(SUPPLIED ENTRIES begins)

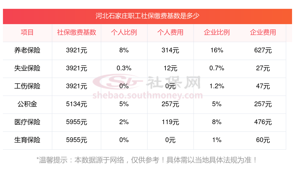 2025社保交多少钱?下表是2025年河北石家庄社保费用明细参考,新社通app-社保缴费查询工具提供的最新数据如下:
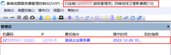 連接上服務(wù)器之后,管理員??看翱陲@示管理員機(jī)器所在機(jī)器碼和IP地址,標(biāo)題欄顯示已連接信息
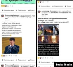 Сторінка Сазонова заповнена репостами зі сторінок, де хвалять Путіна і глузують із Зеленського.
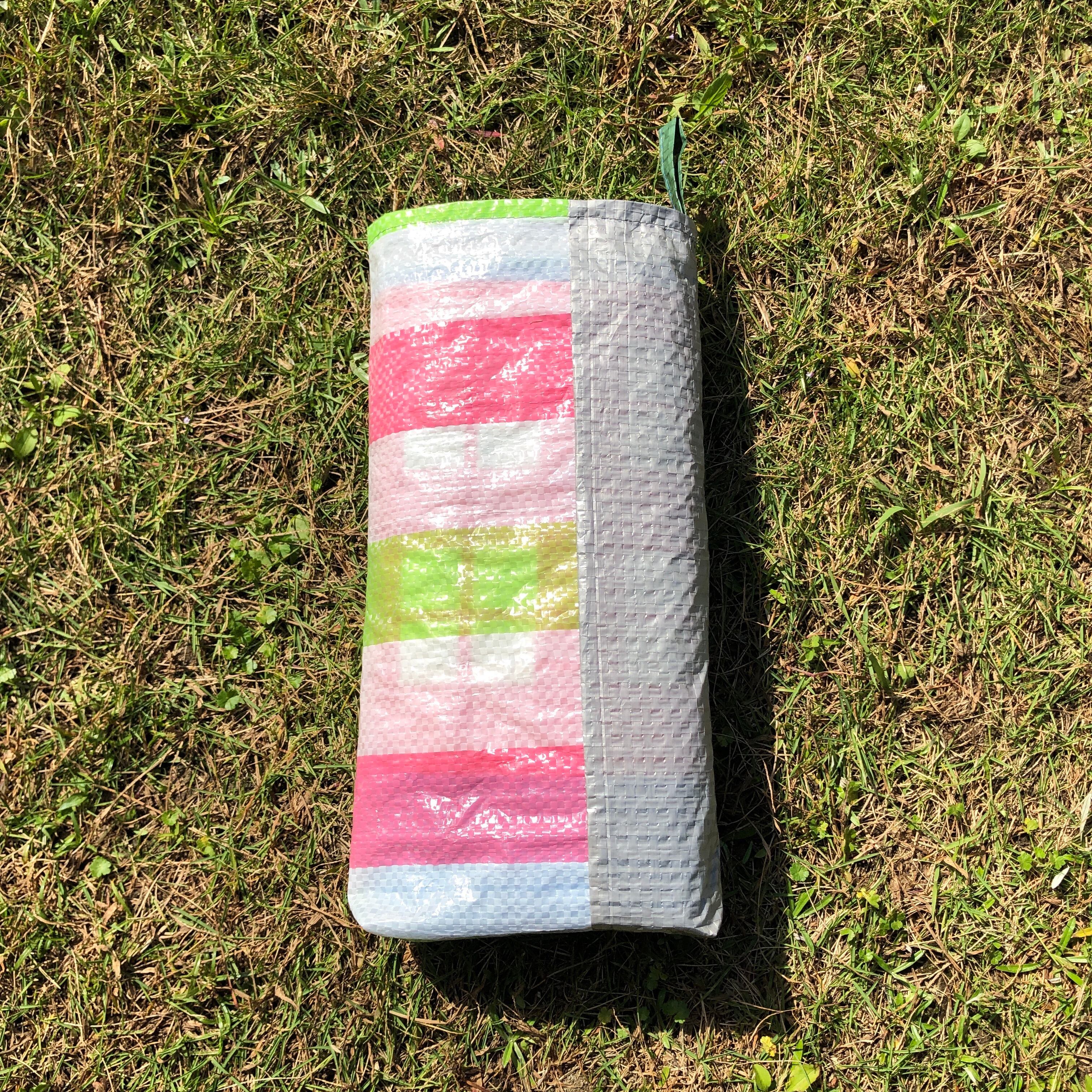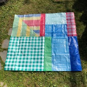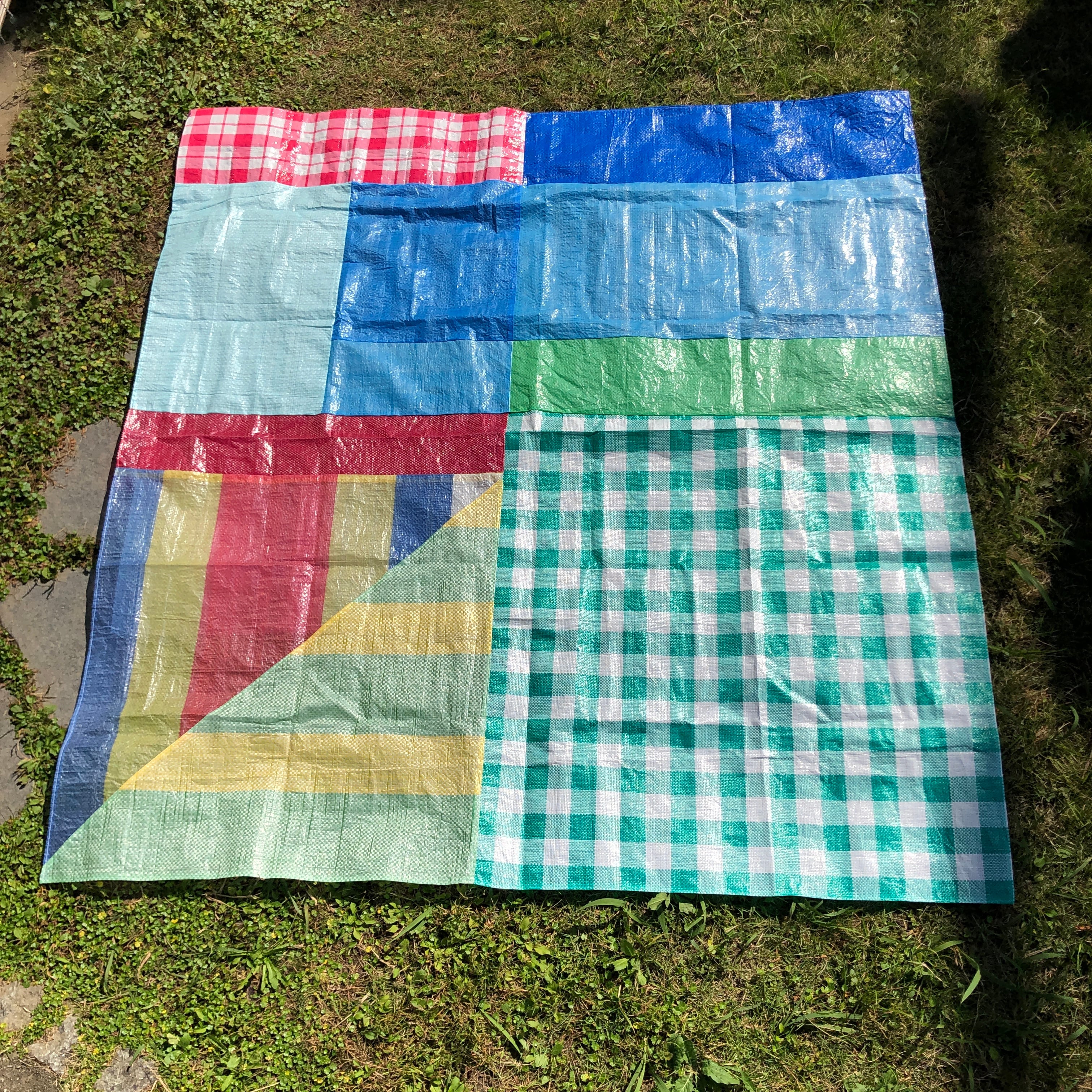 既製品のレジャーシートをランダムに裁断し、再構成して縫い合わせた「レジャーシートのコラージュ」。即興的に構成しているため模様やサイズなどは1点ずつ異なります。
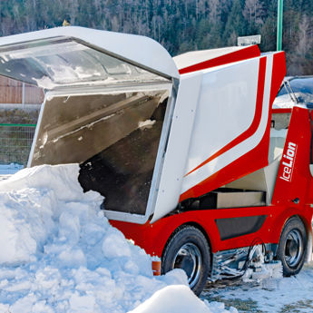 - Serbatoio neve in acciaio verniciato a polvere con capacità di 5.0 m³ (compresso 5,8 m³)
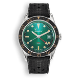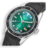 This Vintage Green edition pairs a rich sunburst dial with cream-toned “Old Radium” lume and a bidirectional 24-hour bezel — perfect for travellers who dive.
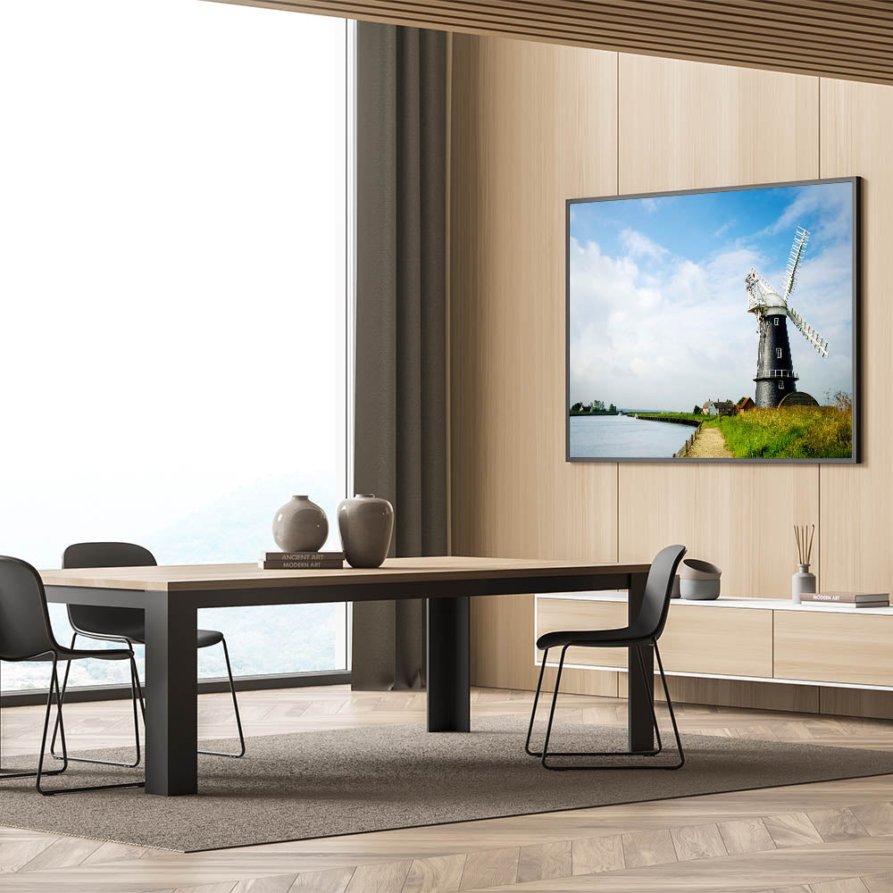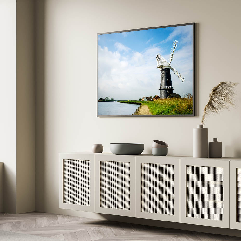Add a touch of coastal charm to your home with this serene windmill wall art, featuring a picturesque windmill by tranquil waters. The bright blue sky and gentle waters create a calming atmosphere, making this artwork an ideal addition to any room seeking to evoke the peace and beauty of a coastal landscape. The detailed windmill and the quiet riverside setting bring a sense of relaxation and timeless beauty to your living room, bedroom, or office.
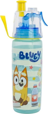 Detská plastová fľaša na vodu s náustkom a rozprašovacím tlačidlom.
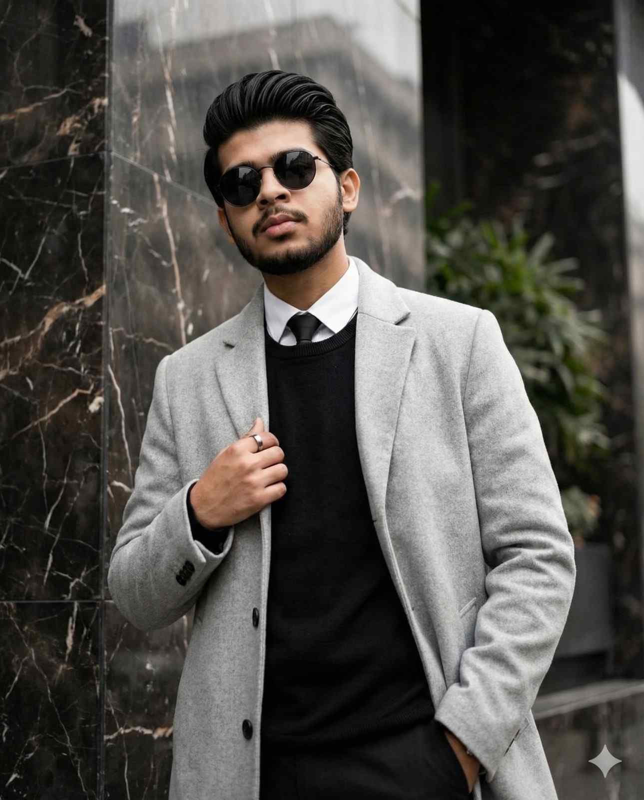 Make A stylish man use image for face reference with a neat beard and slicked-back hair is captured in a low-angle, medium-close outdoor shot. He wears dark sunglasses, a light grey overcoat over a black sweater, white shirt, and slim black tie. One hand grips his coat, the other rests in his pocket, showing confidence. A ring is visible on his left hand. The dark, urban marble backdrop with light veining and subtle greenery adds a modern, luxurious vibe. Lighting is soft, enhancing textures and contrast.
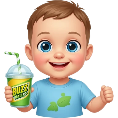 baby with a buzz ball drink emoji

(SUPPLIED ENTRIES ends)

◆ WHAT THE EXERCISE ASKS: The copy you give must run from the line containing "Detská plastová fľaša" through the last line of the records, exactly, with the pictures left out.

◆ RESULT OF THE TASK:
 Detská plastová fľaša na vodu s náustkom a rozprašovacím tlačidlom.
 Make A stylish man use image for face reference with a neat beard and slicked-back hair is captured in a low-angle, medium-close outdoor shot. He wears dark sunglasses, a light grey overcoat over a black sweater, white shirt, and slim black tie. One hand grips his coat, the other rests in his pocket, showing confidence. A ring is visible on his left hand. The dark, urban marble backdrop with light veining and subtle greenery adds a modern, luxurious vibe. Lighting is soft, enhancing textures and contrast.
 baby with a buzz ball drink emoji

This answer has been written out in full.